El Aissami was born on 12 November 1974 in El Vigía, Mérida, Venezuela. He is one of five children. His mother, May Maddah de El Aissami, is Lebanese while his father, Zaidan El Amin El Aissami, also known as Carlos Zaidan, was a Druze immigrant from Jabal al-Druze in Syria. He was the head of a local Iraqi Ba'athist Party in Venezuela and had connections with leftist political movements in the Middle East. Another family member of El Aissami involved in Ba'athism was his great-uncle, Shibli El Aissami, who was the Assistant Secretary General of the National Command of the Iraqi-dominated Arab Socialist Ba'ath Party.

El Aissami's father supported Hugo Chávez during the February 1992 Venezuelan coup d'état attempt and was arrested.
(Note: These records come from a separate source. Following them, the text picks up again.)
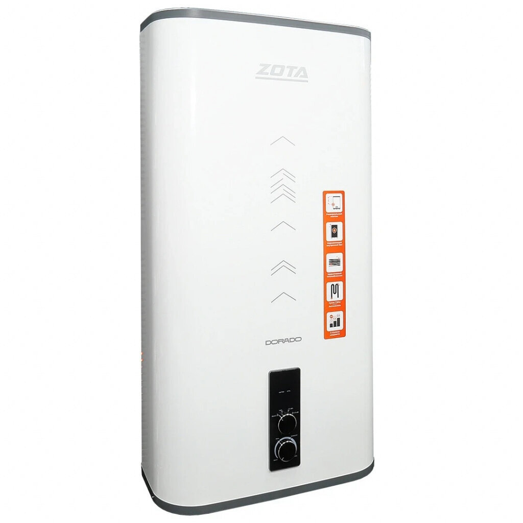 Накопительные водонагреватели ZOTA серии DORADO - это плоский водонагреватель комбинированного нагрева с универсальным (вертикально-горизонтальным) монтажом. Главной особенностью данного водонагревателя является «сухой» ТЭН из нержавеющей стали.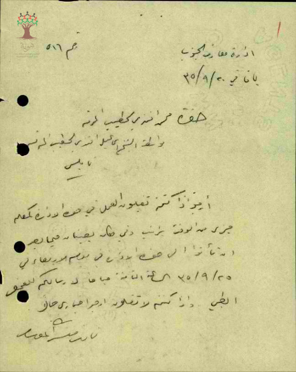 رسالة من نائب مفتش المعارف إلى المعلم محمد الخطيب يرجو اعلامه بقبول العمل في الإدارة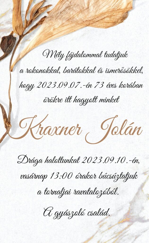 Smútočné oznámenie - Kraxner Jolán (†73)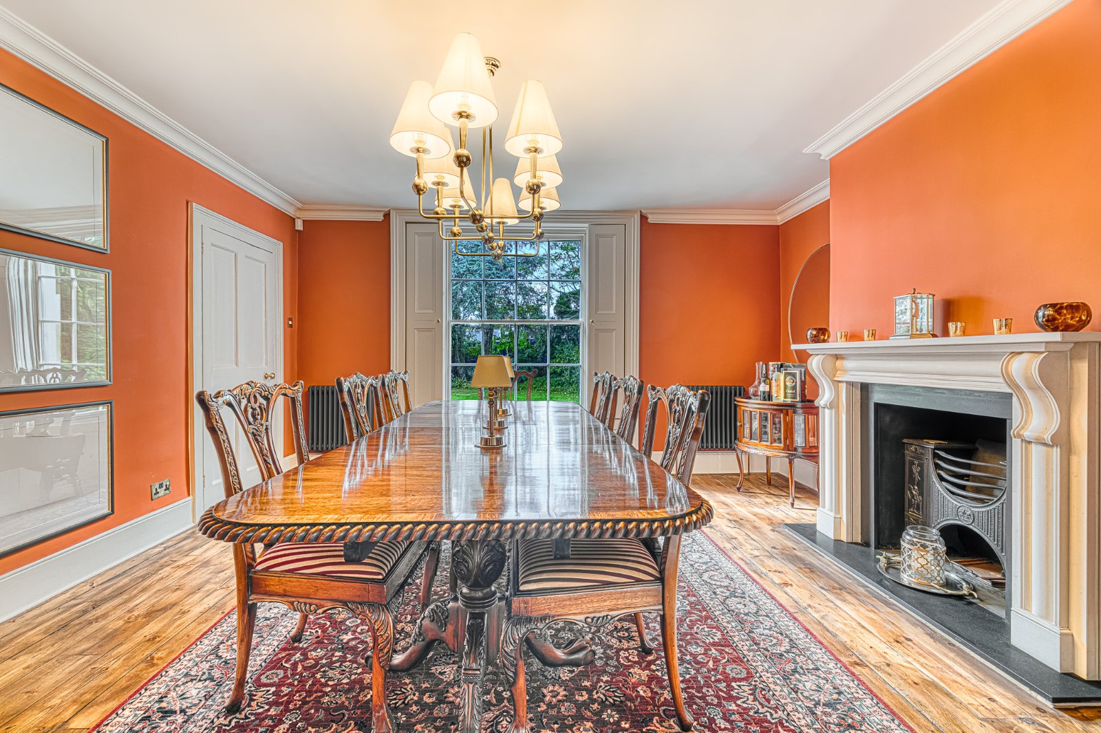 The Dining Room provides a grand yet welcoming setting, ideal for both formal occasions and family gatherings. A striking cast iron fireplace with a carved stone mantel forms a focal point.
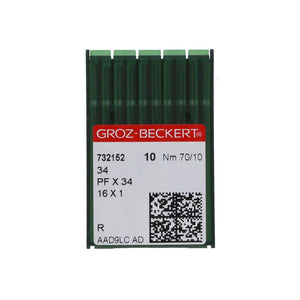 Industrial, round shank, needles. Available in sizes 70/10 and 80/12.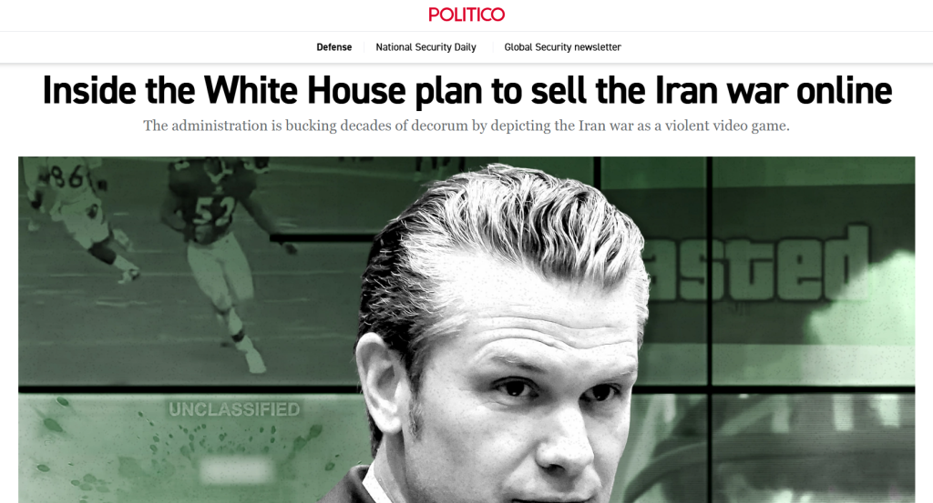 Администрацијата на американскиот претседател Доналд Трамп ја промовира војната против Иран користејќи вирални видеа во стилот на ТикТок, мешајќи снимки од вистински напади со сцени од филмови и видео игри, пишува „Политико“.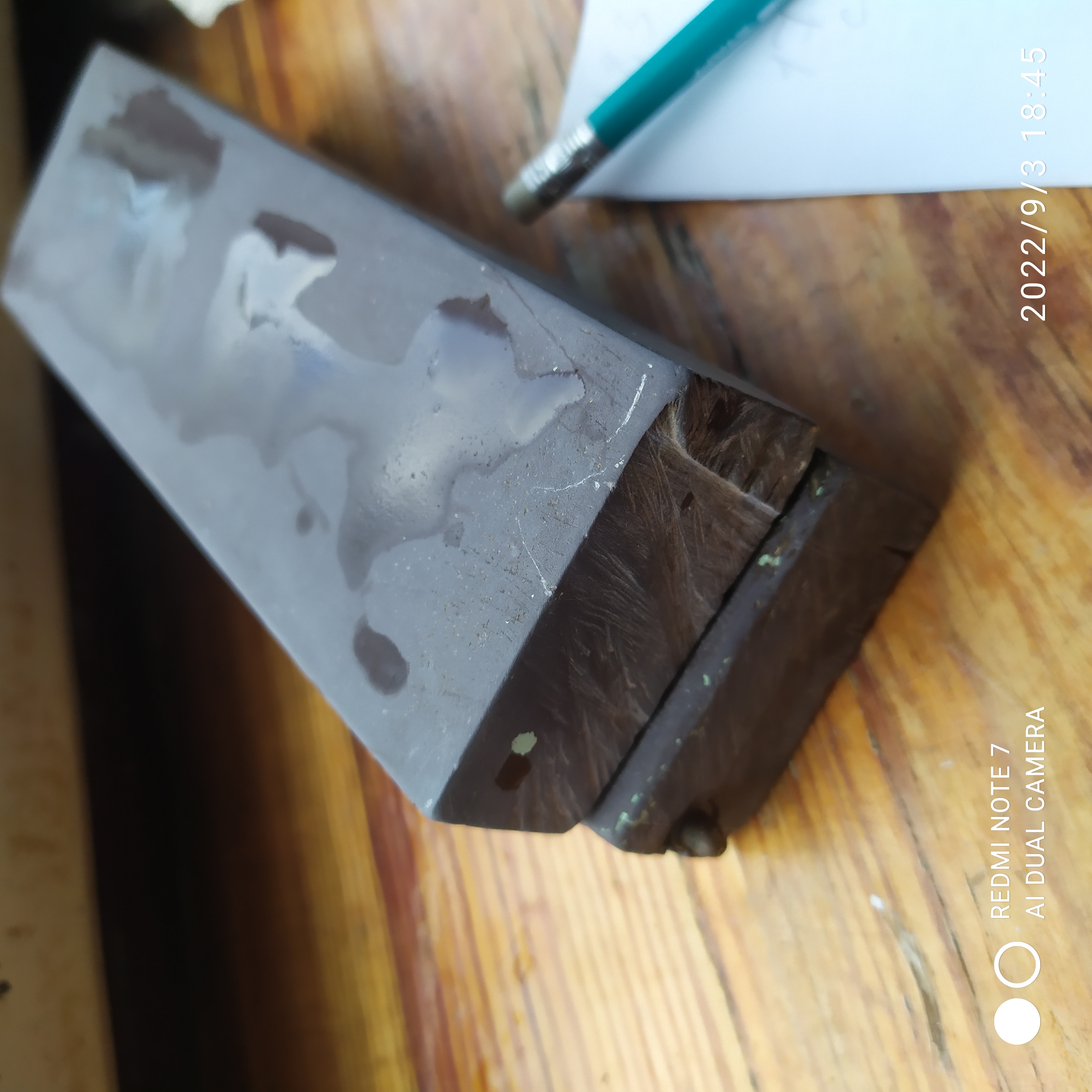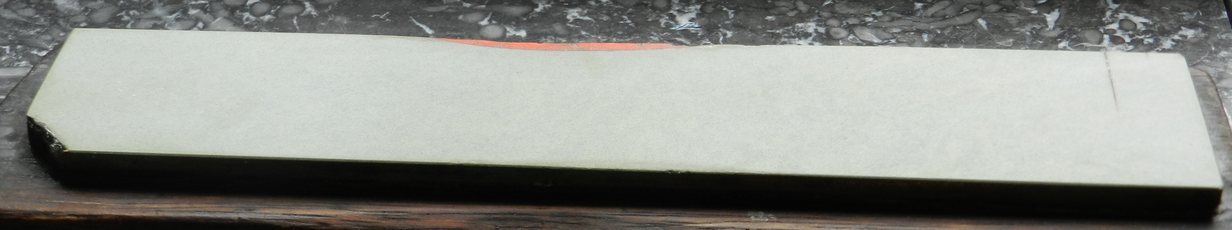 Приобрёл вот такой старый камень на борде. Похоже на классический сланец для доводки бритв. Размеры 20,5см х 4см. Очень долго доводил на Атоме 600, седло было приличное. Цвет светло серый/зеленоватый. На ощупь крайне гладкий, суспензия почти белая, твёрже чем мой жёлтый котикул (но всё же суспензию даёт без проблем). С края, заметен выход красного твёрдого камня. Доводил на нём пару бритв - результатом очень доволен. Что это за порода по вашему мнению?

Following the arrest of El Aissami's father in 1992, his great-uncle Shibli El Aissami retired from politics in Iraq, remaining in the country until the 2003 US-led invasion of Iraq.

== Education and militancy ==
Studying both law and criminology, El Aissami attended the University of the Andes (ULA) in Mérida, Venezuela. While there, he was a student of Adán Chávez Frías, the older brother of Hugo Chávez, who was said to have been a mentor to El Aissami. In 1997, he joined the National Youth Directorate of the Fifth Republic Movement to support the election of Hugo Chávez. Near the same time, El Aissami was arrested during an anti-government protest after throwing stones at authorities.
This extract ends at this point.